19 Jan 2015

Url shortening in Haskell with Scotty and Lucid

This article is for beginners (because the author is one). You should be familiar with basic Haskell syntax, though. If you aren’t, check out Learn You a Haskell for Great Good!

I want to play around with Haskell web frameworks, so let’s make some Url shorteners! I’ll start with Scotty, using HTML templating provided by Lucid.

First, A Thank You

This post is heavily inspired by adit.io’s excellent post Making A Website With Haskell, which helped me start doing pretty much anything in Haskell.

Also quite helpful was a Haskell How I Start with Chris Allen, which greatly helped me with understanding Cabal and sandboxes.

It also uses information from Scotty’s Url Shortener example.

Set Up The Project

First, make a directory for it, mkdir url-shortener. Change directory into it, cd url-shortener. Then, initialize the cabal sandbox cabal sandbox init. Finally, initialize the cabal project cabal init. Note, cabal init will ask you a lengthy series of questions. If you don’t care, you can just hit enter through them all. If you want to answer some of them correctly, please note, the project Category is Web (option 18) and it’s an Executable (option 2). All other options are the default (just hit enter).

Now let’s look at the cabal file we’ve made. It’s called url-shortener.cabal, or whatever you named your project, .cabal. The only thing in here we will eventually care about is under executable url-shortener, and is called build-depends. build-depends is where you list all the packages your project requires. We’ll be filling it in as we go along, but remember that it’s important.

Quick Recap: we ran

mkdir url-shortener
cd url-shortener
cabal sandbox init
cabal init

and selected mostly default options, except Category = Web, and Package Build = Executable.

Our First Site

Now let’s start writing some code!

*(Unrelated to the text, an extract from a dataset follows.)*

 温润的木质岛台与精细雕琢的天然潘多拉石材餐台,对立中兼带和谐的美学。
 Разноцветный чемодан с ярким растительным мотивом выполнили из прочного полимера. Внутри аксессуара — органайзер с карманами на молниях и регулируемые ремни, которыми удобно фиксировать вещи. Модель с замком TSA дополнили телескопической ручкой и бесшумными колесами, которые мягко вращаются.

Open up Main.hs, and make it look like this:

{-# LANGUAGE OverloadedStrings #-}

import Web.Scotty

main :: IO ()
main = scotty 3000 $ do
  get "/" $
    html "Hello World!"

And that’s everything you need for a basic server that returns “Hello World!”. Now let’s run it by typing cabal build, which will build our project …. Except it failed, right? It complained about not being able to find Web.Scotty? Luckily for us, it then suggests that we’re probably looking for the scotty module. Let’s go back to our url-shortener.cabal file and add it. Add a comma at the end of the last module on the ‘build-depends’ line (should be called base >=4.7 && <4.8 or something). On the next line, write scotty. Now go back and cabal build the project. It might take a while, but it shouldn’t complain about anything this time.

Once that finishes, to actually run the project, type cabal run. Now you can go to localhost:3000 in your web browser, and see your project say “Hello World!”.

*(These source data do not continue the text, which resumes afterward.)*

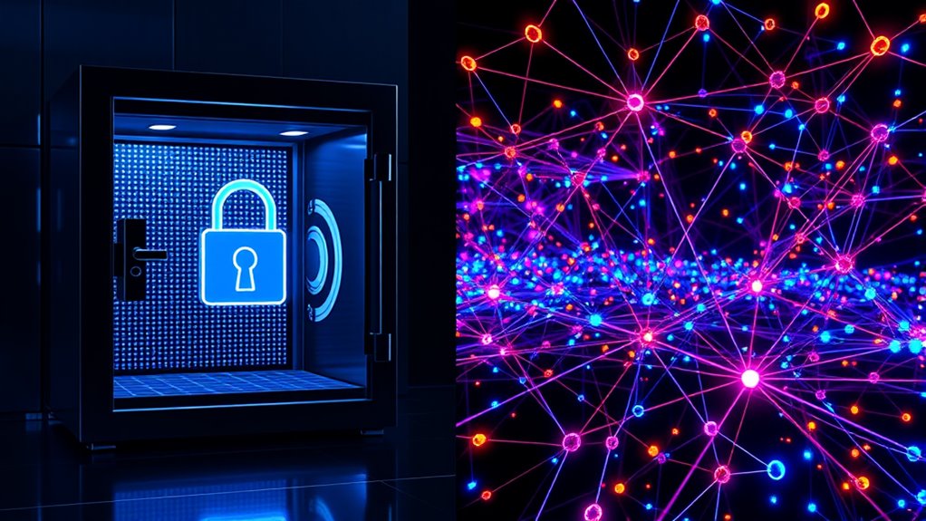 Permissionless blockchains let anyone join and participate without approval, offering full transparency but raising privacy concerns. In contrast, permissioned blockchains restrict access to selected entities, providing greater privacy, control, and faster transaction speeds. These differences impact their suitability for various applications—public cryptocurrencies versus enterprise solutions. Understanding how consensus mechanisms and accessibility shape security and efficiency will help you choose the right type. Keep exploring to uncover more about their unique features and use cases.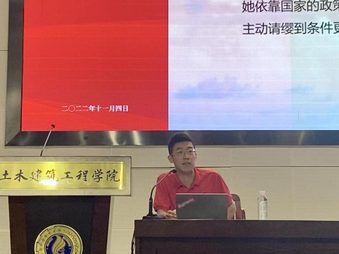 分享结束后,土木建筑工程学院团委书记李道洋老师发表了讲话。在讲话中,他深入浅出地讲解了党的二十大的主题、内容与重大意义,并就党的二十大报告中的新观点、新论断、新要求分享了学习体会,指出全体党员一是要加强理论学习、提高政治觉悟;二是要胸怀“国之大者”,厚植为民情怀;三是要以身作则,充分发挥党员先锋模范作用,做学习宣传贯彻党的二十大精神的先锋队与生力军。最后,他勉励大家要以党的二十大精神为指引,坚持听党话、跟党走,坚定理想信念、增长本领才干,为实现第二个百年奋斗目标而不懈奋斗。
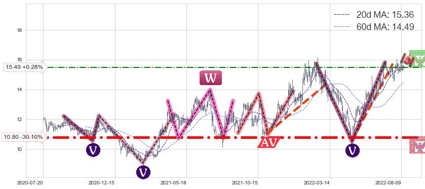 ♘ 阻力价格位15.49,可信任强度54.85%,距离最后交易2022-08-12形成的收盘价格15.45相差 +0.28%

Now that that’s all done, let’s talk about what the code actually does.

{-# LANGUAGE OverloadedStrings #-}

This line is called a “pragma” in Haskell, and I don’t really know what it does either. What I can tell you is that in Haskell, Strings and Text are different (Text is more efficient). Because Scotty uses Text instead of Strings, we add OverloadedStrings to make sure all our Strings are actually Text. Anyway, on to stuff I actually understand.

import Web.Scotty

This is an import statement. It tells your current file that you’re going to use everything available in the Web.Scotty module. If you want to see everything that that involves, check out the Scotty module on GitHub. With it, we now have access to the scotty, get and html functions, which you see later in the file.

main :: IO ()
main = scotty 3000 $ do

  get "/" $
    html "Hello World!"

The main function is run when we run our project. It has the type of IO (it’s going to output something, probably) In this case, it runs scotty on port 3000, then allows us to write a series of get functions (or post, put, delete, etc), which handle our routes.

When we get "/", we’re handling the base url route “/”. In order to give the user something back, we need to use another Scotty function that determines the type of the response. In this case, we’re returning an html page. We could also return json, text, a file, a stream, or just raw.

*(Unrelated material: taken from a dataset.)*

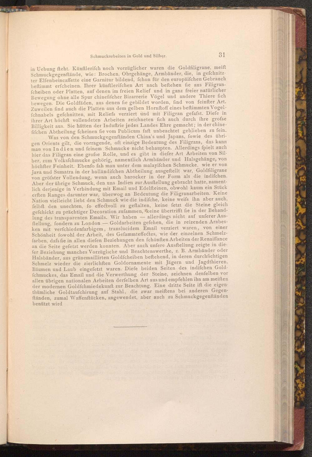 31 in Uebung fteht. Künftlerifch noch vorzüglicher waren die Goldfiligrane, meift Schmuckgegenftände, wie: Brochen, Ohrgehänge, Armbänder, die, in gefchnitz ter Elfenbeincaffette eine Garnitur bildend, fchon für den europäifchen Gebrauch beftimmt erfcheinen. Ihrer künftlerifchen Art nach beftehen fie aus Filigranfcheiben oder Platten, auf denen im freien Relief und in ganz freier natürlicher Bewegung ohne alle Spur chinefifcher Bizarrerie Vögel und andere Thiere fich bewegen. Die Goldfäden, aus denen fie gebildet worden, find von feinfter Art. Zuweilen find auch die Platten aus dem gelben Hornftoff eines beſtimmten Vogelfchnabels gefchnitten, mit Reliefs verziert und mit Filigran gefafst. Diefe in ihrer Art höchft vollendeten Arbeiten zeichneten fich auch durch ihre grofse Billigkeit aus. Sie hätten der Induſtrie jedes Landes Ehre gemacht; in der chinefifchen Abtheilung fcheinen fie vom Publicum faft unbeachtet geblieben zu fein. Was von den Schmuckgegenständen China's und Japans, fowie des übrigen Orients gilt, die vorragende, oft einzige Bedeutung des Filigrans, das kann man von Indien und feinem Schmucke nicht behaupten. Allerdings fpielt auch hier das Filigran eine grofse Rolle, und es gibt in diefer Art Arbeiten von Silber, zum Volksfchmucke gehörig, namentlich Armbänder und Halsgehänge, von höchfter Feinheit. Ebenfo fah man unter dem malayifchen Schmucke, wie er von Java und Sumatra in der holländifchen Abtheilung ausgeftellt war, Goldfiligrane von gröfster Vollendung, wenn auch barocker in der Form als die indifchen. Aber der übrige Schmuck, den uns Indien zur Ausftellung gebracht hatte, namentlich derjenige in Verbindung mit Email und Edelſteinen, obwohl kaum ein Stück erften Ranges darunter war, überwog an Bedeutung die Filigranarbeiten. Keine Nation vielleicht liebt den Schmuck wie die indifche, keine weifs ihn aber auch, felbft den unechten, fo effectvoll zu geftalten, keine fetzt die Steine gleich gefchickt zu prächtiger Decoration zufammen, keine übertrifft fie in der Behandlung des transparenten Emails. Wir haben allerdings nicht auf unferer Ausftellung, fondern zu London- Goldarbeiten gefehen, die in reizenden Arabesken mit verfchiedenfarbigem, translucidem Email verziert waren, von einer Schönheit fowohl der Arbeit, des Gefammteffectes, wie der einzelnen Schmelzfarben, dafs fie in allen diefen Beziehungen den fchönften Arbeiten der Renaiffance an die Seite gefetzt werden konnten. Aber auch unfere Ausstellung zeigte in diefer Beziehung manches Vorzügliche und Beachtenswerthe, z. B. Armbänder oder Halsbänder, aus grünemaillirten Goldfcheiben beftehend, in deren durchfichtigen Schmelz wieder die zierlichften Goldornamente mit Jägern und Jagdthieren, Bäumen und Laub eingefetzt waren. Diefe beiden Seiten des indifchen Goldfchmuckes, das Email und die Verwerthung der Steine, zeichnen denfelben vor allen übrigen nationalen Arbeiten derfelben Art aus und empfehlen ihn am meiſten der modernen Goldfchmiedekunft zur Beachtung. Eine dritte Seite ift die eigenthümliche Goldtaufchirung auf Stahl, die zwar meiftens bei anderen Gegenftänden, zumal Waffenftücken, angewendet, aber auch zu Schmuckgegenftänden benützt wird

Text actually would have been more appropriate, but we’re going to use html eventually. The html function in this case just takes our text and lets Scotty return it for the route it’s in.

Make A Form

Because our url shortener is going to need to take form input, let’s use Lucid to make ourself a form. Continuing with our previous file, replace the line html "Hello World!" with

html . renderText $
  html_ $
    body_ $ do
      h1_ "Title"
      p_ "Hello Lucid World!"
      with form_ [method_ "post", action_ "/"] $ do
        input_ [type_ "text", name_ "url"]
        with button_ [type_ "submit"] "Shorten"

and lets talk about it.

So all of those functions that end with _, they’re from Lucid. They probably mean what you think they mean. html_ gives us an <html> tag to put things in. Then we have our body. We use the do to put multiple html tags within a single tag. In this case, an <h1> tag containing our page title, a <p> tag, and finally our <form>.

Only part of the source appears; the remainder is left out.